** Opening Provided records block **

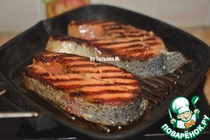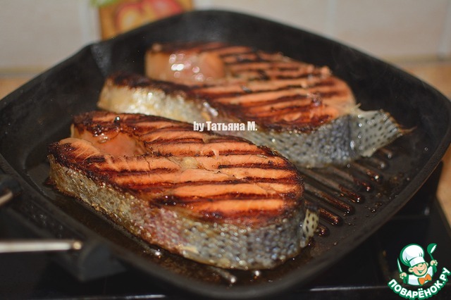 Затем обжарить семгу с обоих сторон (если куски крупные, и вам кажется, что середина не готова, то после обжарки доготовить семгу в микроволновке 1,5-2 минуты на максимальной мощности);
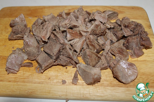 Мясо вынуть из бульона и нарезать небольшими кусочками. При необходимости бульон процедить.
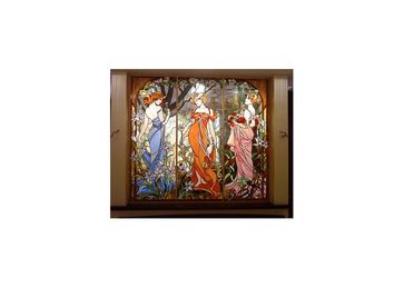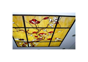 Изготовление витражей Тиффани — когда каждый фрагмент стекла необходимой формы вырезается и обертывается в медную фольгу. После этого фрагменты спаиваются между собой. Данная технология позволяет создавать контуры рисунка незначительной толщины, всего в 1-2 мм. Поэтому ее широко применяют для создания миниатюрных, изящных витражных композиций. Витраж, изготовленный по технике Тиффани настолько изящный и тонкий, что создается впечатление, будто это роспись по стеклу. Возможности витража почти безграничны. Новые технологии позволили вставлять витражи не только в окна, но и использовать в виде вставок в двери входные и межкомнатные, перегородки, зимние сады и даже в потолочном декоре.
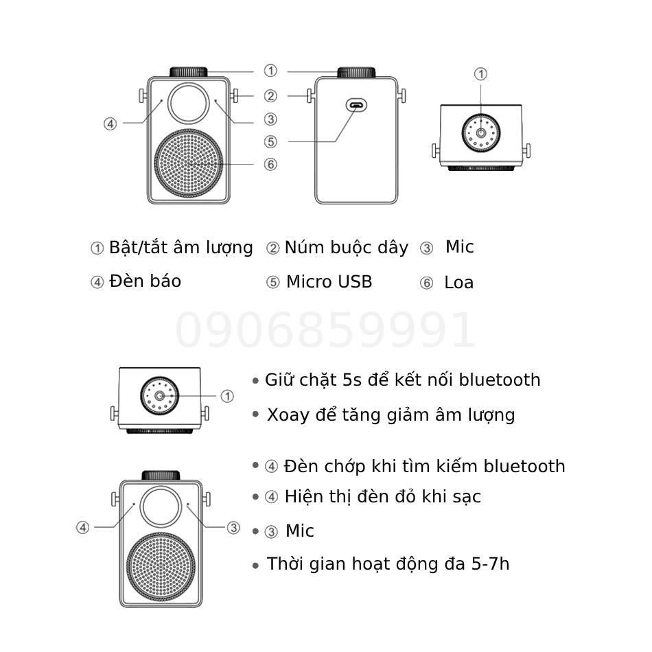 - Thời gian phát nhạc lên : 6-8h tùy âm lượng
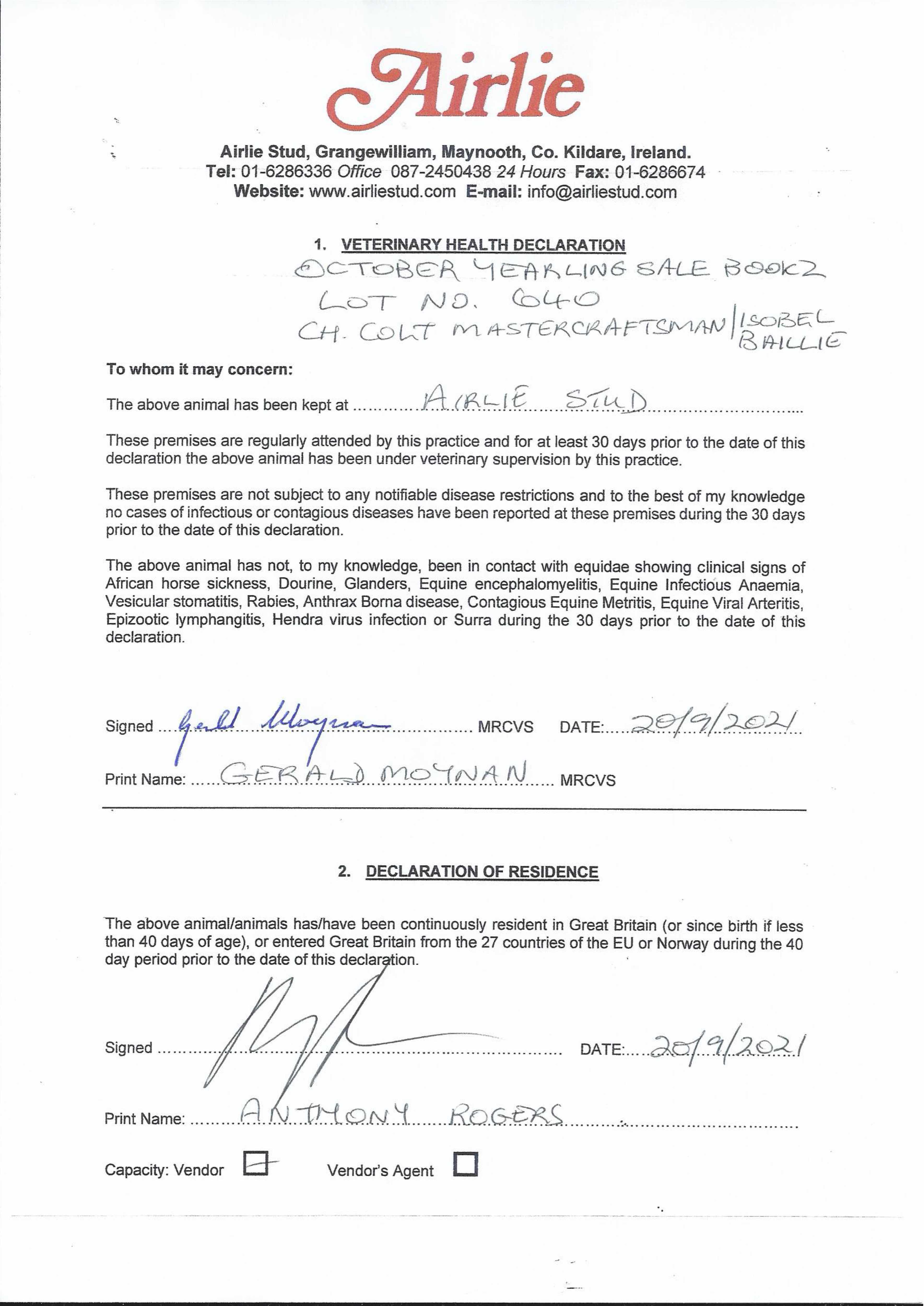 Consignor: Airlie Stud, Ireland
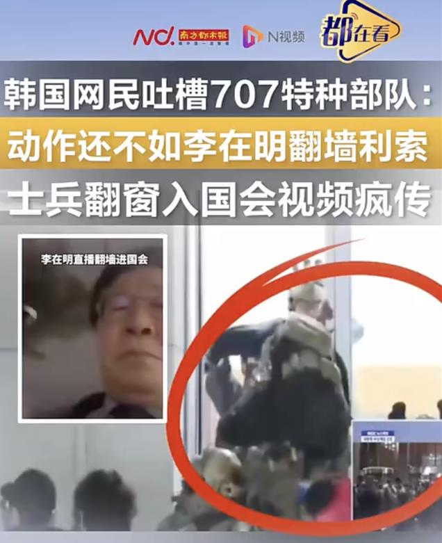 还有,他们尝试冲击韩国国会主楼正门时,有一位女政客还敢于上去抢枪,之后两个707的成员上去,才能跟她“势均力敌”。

** Closing Provided records block **

### About this exercise
In the answer, give only the lines from the one containing "Consignor: Airlie Stud, Ireland" through the end of the records above, each reproduced exactly. Include no pictures.

### Response to this task
 Consignor: Airlie Stud, Ireland
 还有,他们尝试冲击韩国国会主楼正门时,有一位女政客还敢于上去抢枪,之后两个707的成员上去,才能跟她“势均力敌”。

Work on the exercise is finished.